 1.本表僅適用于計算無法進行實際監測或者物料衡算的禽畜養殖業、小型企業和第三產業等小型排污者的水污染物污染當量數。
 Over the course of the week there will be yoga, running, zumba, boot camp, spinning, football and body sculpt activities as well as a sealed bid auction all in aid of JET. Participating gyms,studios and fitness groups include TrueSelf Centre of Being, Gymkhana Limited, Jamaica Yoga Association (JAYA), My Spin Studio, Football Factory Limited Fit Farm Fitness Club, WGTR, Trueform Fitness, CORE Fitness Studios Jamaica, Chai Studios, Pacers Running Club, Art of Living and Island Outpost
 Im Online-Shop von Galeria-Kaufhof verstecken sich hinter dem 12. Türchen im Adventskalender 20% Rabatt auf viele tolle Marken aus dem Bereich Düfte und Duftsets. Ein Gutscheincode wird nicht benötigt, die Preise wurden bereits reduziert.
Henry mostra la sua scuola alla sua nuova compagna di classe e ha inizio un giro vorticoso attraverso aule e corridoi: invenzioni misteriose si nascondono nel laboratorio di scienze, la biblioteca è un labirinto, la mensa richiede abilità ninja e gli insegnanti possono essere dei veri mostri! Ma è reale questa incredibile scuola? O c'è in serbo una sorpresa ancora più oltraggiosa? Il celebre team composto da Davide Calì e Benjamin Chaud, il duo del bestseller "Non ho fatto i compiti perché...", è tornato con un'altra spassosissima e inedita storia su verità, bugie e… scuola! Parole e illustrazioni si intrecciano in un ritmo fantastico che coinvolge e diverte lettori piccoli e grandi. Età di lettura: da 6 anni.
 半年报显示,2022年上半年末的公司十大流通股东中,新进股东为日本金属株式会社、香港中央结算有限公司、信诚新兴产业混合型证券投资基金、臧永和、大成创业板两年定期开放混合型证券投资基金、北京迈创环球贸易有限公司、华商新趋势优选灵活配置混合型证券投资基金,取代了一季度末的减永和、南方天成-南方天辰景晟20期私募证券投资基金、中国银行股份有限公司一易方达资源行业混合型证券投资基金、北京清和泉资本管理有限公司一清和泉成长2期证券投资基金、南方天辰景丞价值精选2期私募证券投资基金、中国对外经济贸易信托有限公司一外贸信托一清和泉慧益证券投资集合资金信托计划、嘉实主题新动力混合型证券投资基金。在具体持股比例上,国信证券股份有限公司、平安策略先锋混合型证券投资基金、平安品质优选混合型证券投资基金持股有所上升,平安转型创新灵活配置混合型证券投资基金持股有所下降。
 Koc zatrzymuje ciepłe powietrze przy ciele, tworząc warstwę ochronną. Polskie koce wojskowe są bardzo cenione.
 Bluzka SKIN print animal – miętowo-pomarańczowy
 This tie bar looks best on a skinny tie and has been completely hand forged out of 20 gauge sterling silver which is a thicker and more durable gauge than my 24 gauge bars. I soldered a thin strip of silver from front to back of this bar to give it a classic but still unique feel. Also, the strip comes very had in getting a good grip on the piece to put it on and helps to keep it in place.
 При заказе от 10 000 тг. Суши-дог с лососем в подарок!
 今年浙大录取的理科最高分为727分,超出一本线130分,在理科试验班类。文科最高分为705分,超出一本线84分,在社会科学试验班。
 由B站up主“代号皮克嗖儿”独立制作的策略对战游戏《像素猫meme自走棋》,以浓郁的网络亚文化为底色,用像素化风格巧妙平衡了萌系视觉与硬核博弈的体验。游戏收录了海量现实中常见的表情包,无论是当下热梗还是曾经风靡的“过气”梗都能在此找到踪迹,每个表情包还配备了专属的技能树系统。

═══

INSTRUCTIONS TO FOLLOW ▸ Reproduce the listing above exactly.

ANSWER TO THE EXERCISE ▸
 1.本表僅適用于計算無法進行實際監測或者物料衡算的禽畜養殖業、小型企業和第三產業等小型排污者的水污染物污染當量數。
 Over the course of the week there will be yoga, running, zumba, boot camp, spinning, football and body sculpt activities as well as a sealed bid auction all in aid of JET. Participating gyms,studios and fitness groups include TrueSelf Centre of Being, Gymkhana Limited, Jamaica Yoga Association (JAYA), My Spin Studio, Football Factory Limited Fit Farm Fitness Club, WGTR, Trueform Fitness, CORE Fitness Studios Jamaica, Chai Studios, Pacers Running Club, Art of Living and Island Outpost
 Im Online-Shop von Galeria-Kaufhof verstecken sich hinter dem 12. Türchen im Adventskalender 20% Rabatt auf viele tolle Marken aus dem Bereich Düfte und Duftsets. Ein Gutscheincode wird nicht benötigt, die Preise wurden bereits reduziert.
Henry mostra la sua scuola alla sua nuova compagna di classe e ha inizio un giro vorticoso attraverso aule e corridoi: invenzioni misteriose si nascondono nel laboratorio di scienze, la biblioteca è un labirinto, la mensa richiede abilità ninja e gli insegnanti possono essere dei veri mostri! Ma è reale questa incredibile scuola? O c'è in serbo una sorpresa ancora più oltraggiosa? Il celebre team composto da Davide Calì e Benjamin Chaud, il duo del bestseller "Non ho fatto i compiti perché...", è tornato con un'altra spassosissima e inedita storia su verità, bugie e… scuola! Parole e illustrazioni si intrecciano in un ritmo fantastico che coinvolge e diverte lettori piccoli e grandi. Età di lettura: da 6 anni.
 半年报显示,2022年上半年末的公司十大流通股东中,新进股东为日本金属株式会社、香港中央结算有限公司、信诚新兴产业混合型证券投资基金、臧永和、大成创业板两年定期开放混合型证券投资基金、北京迈创环球贸易有限公司、华商新趋势优选灵活配置混合型证券投资基金,取代了一季度末的减永和、南方天成-南方天辰景晟20期私募证券投资基金、中国银行股份有限公司一易方达资源行业混合型证券投资基金、北京清和泉资本管理有限公司一清和泉成长2期证券投资基金、南方天辰景丞价值精选2期私募证券投资基金、中国对外经济贸易信托有限公司一外贸信托一清和泉慧益证券投资集合资金信托计划、嘉实主题新动力混合型证券投资基金。在具体持股比例上,国信证券股份有限公司、平安策略先锋混合型证券投资基金、平安品质优选混合型证券投资基金持股有所上升,平安转型创新灵活配置混合型证券投资基金持股有所下降。
 Koc zatrzymuje ciepłe powietrze przy ciele, tworząc warstwę ochronną. Polskie koce wojskowe są bardzo cenione.
 Bluzka SKIN print animal – miętowo-pomarańczowy
 This tie bar looks best on a skinny tie and has been completely hand forged out of 20 gauge sterling silver which is a thicker and more durable gauge than my 24 gauge bars. I soldered a thin strip of silver from front to back of this bar to give it a classic but still unique feel. Also, the strip comes very had in getting a good grip on the piece to put it on and helps to keep it in place.
 При заказе от 10 000 тг. Суши-дог с лососем в подарок!
 今年浙大录取的理科最高分为727分,超出一本线130分,在理科试验班类。文科最高分为705分,超出一本线84分,在社会科学试验班。
 由B站up主“代号皮克嗖儿”独立制作的策略对战游戏《像素猫meme自走棋》,以浓郁的网络亚文化为底色,用像素化风格巧妙平衡了萌系视觉与硬核博弈的体验。游戏收录了海量现实中常见的表情包,无论是当下热梗还是曾经风靡的“过气”梗都能在此找到踪迹,每个表情包还配备了专属的技能树系统。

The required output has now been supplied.